The military ceremony for Marine Pfc. Bruce Carter took place Wednesday with Marines from the Washington Marine Barracks, The Old Guard Caisson Platoon; and “The President’s Own” Marine Band.

The Old Guard Caisson Platoon during the burial of Medal of Honor recipient Bruce Carter at Arlington National Cemetery on Wednesday.
(Elizabeth Fraser U.S. Army/Arlington National Cemetery)

At the end of the ceremony, the American flag that covered the casket was presented to Carter's mother, Georgie Carter-Krell.

She long believed her son should be buried at Arlington, the nation's most hallowed grounds, with the country's other war heroes.

She worked with the Marine Corps and Rep.

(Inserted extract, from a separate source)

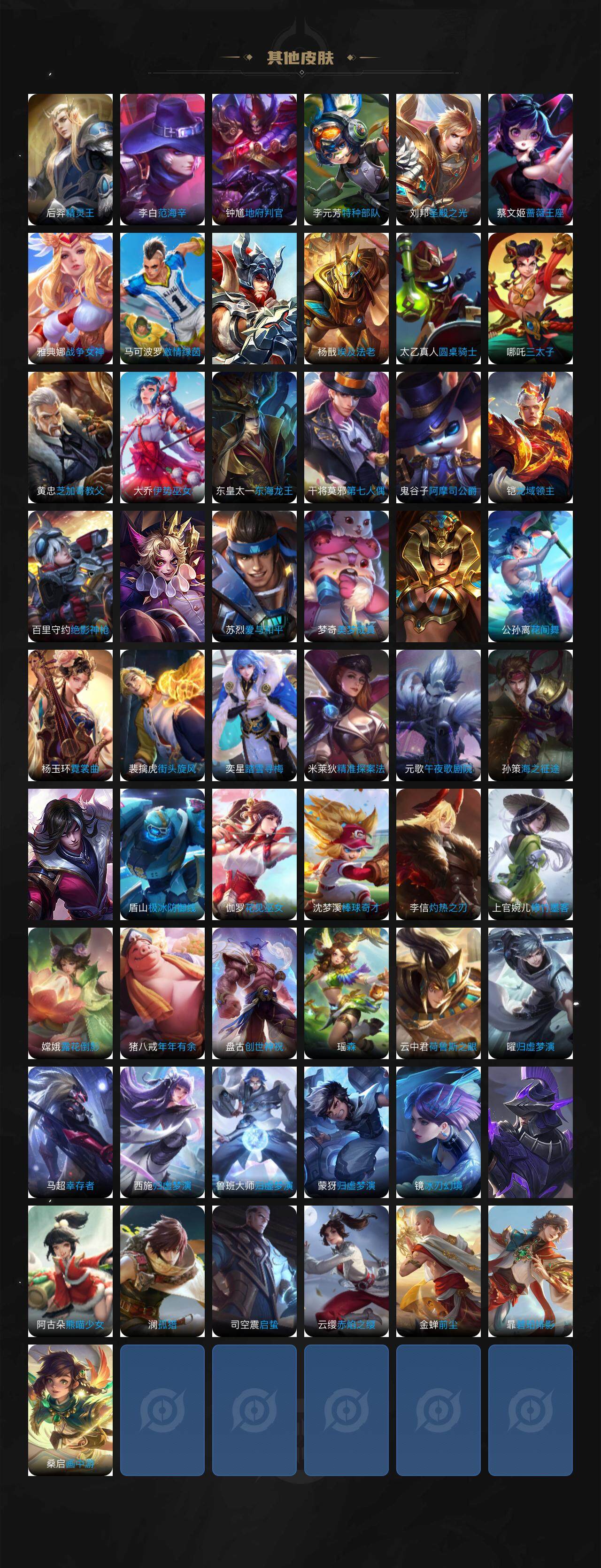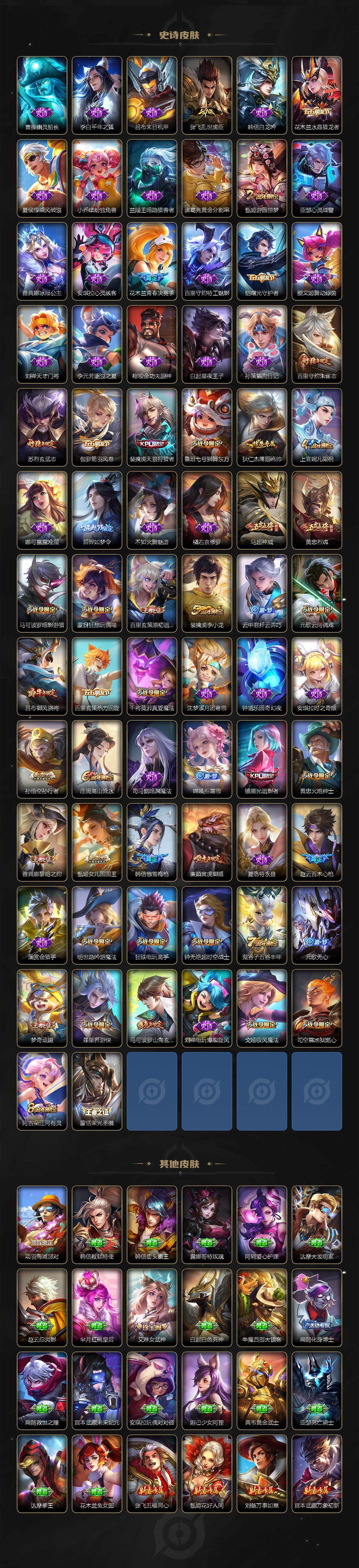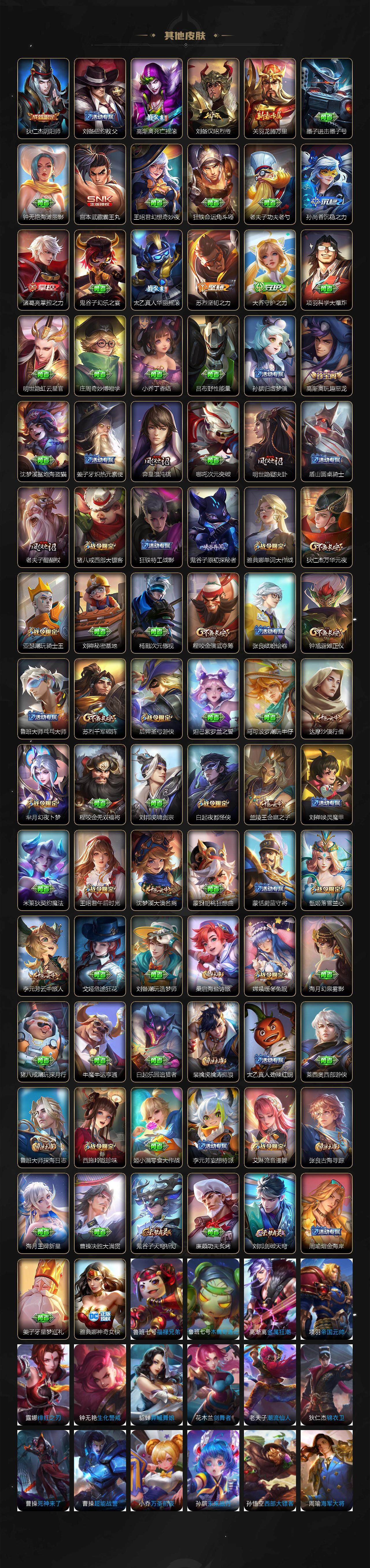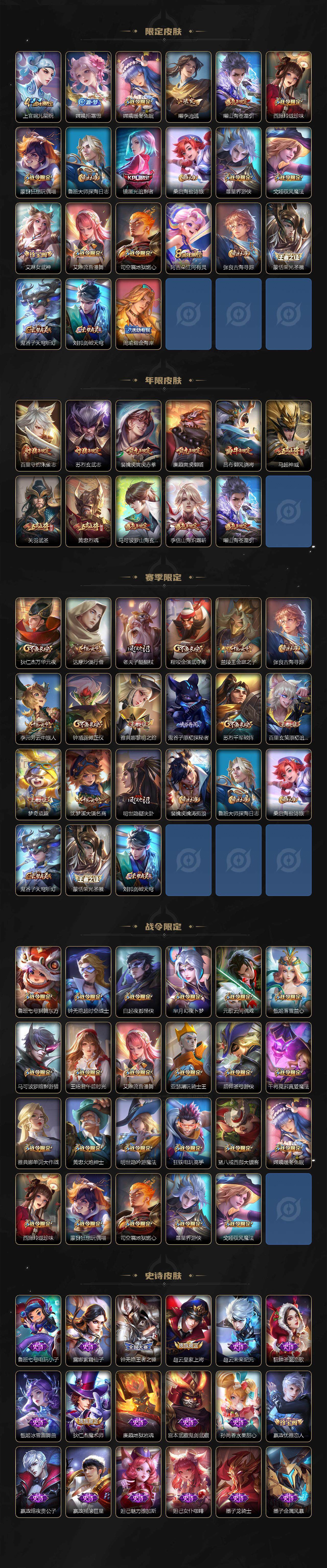 【限定皮肤】:狄仁杰阴阳师,廉颇寅虎御盾,赵云皇家上将,赵云百木心枪,嬴政优雅恋人,孙尚香异界灵契,鲁班七号狮舞东方,庄周高山流水,高渐离死亡摇滚,高渐离玩趣恶龙,钟无艳王者之锤,钟无艳超时空战士,白起夜都怪侠,芈月幻夜卜梦,吕布御风骁将,元歌云间偶戏,元歌无心,甄姬女儿国国王,甄姬游园惊梦,甄姬落雪兰心,马可波罗暗影游猎,马可波罗山海玄木吟,狄仁杰魔术师,狄仁杰万华元夜,达摩沙漠行僧,项羽海滩派对,老夫子醍醐杖,关羽武圣,程咬金演武夺筹,韩信傲雪梅枪,王昭君午后时光,兰陵王金庭之子,花木兰青春决赛季,亚瑟潮玩骑士王,孙悟空孙行者,后羿如梦令,后羿圣弓游侠,李元芳云中旅人,虞姬启明星使,钟馗驱傩正仪,干将莫邪真爱魔法,雅典娜单词大作战,雅典娜黎明之约,太乙真人华丽摇滚,鬼谷子原初探秘者,鬼谷子五谷丰年,诸葛亮武陵仙君,黄忠烈魂,黄忠火炮绅士,苏烈玄武志,苏烈千军破阵,百里玄策原初追逐者,百里守约朱雀志,弈星混沌棋,梦奇顽趣,沈梦溪大漠名商,明世隐疑决卦,明世隐吟游魔法,裴擒虎天狼狩猎者,裴擒虎李小龙,裴擒虎寅虎赤拳,裴擒虎擒涛扼浪,狂铁电玩高手,云中君纤云弄巧,李信山海炽霜斩,猪八戒西部大镖客,上官婉儿梁祝,嫦娥拒霜思,嫦娥暖冬兔眠,曜李逍遥 ,曜山海苍雷引,西施玲珑珍味,蒙犽狂想玩偶喵,鲁班大师探海日志,镜匿光追影者,桑启海盐诗旅,暃星界游侠,戈娅驭风魔法,艾琳女武神,艾琳流音漫舞,司空震地狱燃心,阿古朵江河有灵,张良古海寻踪,蒙恬荣光圣徽,鬼谷子天穹祈灯,刘邦剑破天穹,周瑜熔金海岸

Mario Diaz-Balart, R-Florida, to make it happen, reported.

Georgie Carter-Krell, seated at right, is presented with American flag at her son Pfc. Bruce Carter’s burial at Arlington National Cemetery
(Elizabeth Fraser U.S. Army/Arlington National Cemetery)

Carter was killed after throwing himself on an enemy grenade to save the lives of other Marines and had been laid to rest at Vista Memorial Gardens in Miami Lakes, Florida.

His remains were flown to Washington Oct. 30.

“He deserved to be in Arlington,” Carter-Krell told Fox 7 Miami at Miami International Airport. “He should have been there years ago, but we finally accomplished that.”

Medal of Honor recipient Marine Pfc. Bruce Carter was buried at Arlington National Cemetery on Wednesday.
(Elizabeth Fraser U.S. Army/Arlington National Cemetery)

Carter was a radio operator with H Company, 2nd Battalion, 3rd Marine Division, when North Vietnamese Army soldiers ambushed his unit in Quang Tri province on Aug. 7, 1969.

“Fully aware of the probable consequences of his action but determined to protect the men following him, he unhesitatingly threw himself over the grenade, absorbing the full effects of its detonation with his body,” says the medal citation.

“Carter's indomitable courage, inspiring initiative, and selfless devotion to duty upheld the highest traditions of the Marine Corps and the U.S. Naval Service. He gallantly gave his life in the service of his country.”


The burial at Arlington comes 49 years after Carter-Krell was presented with her son’s Medal of Honor at a White House ceremony presided over by then-Vice President Spiro Agnew.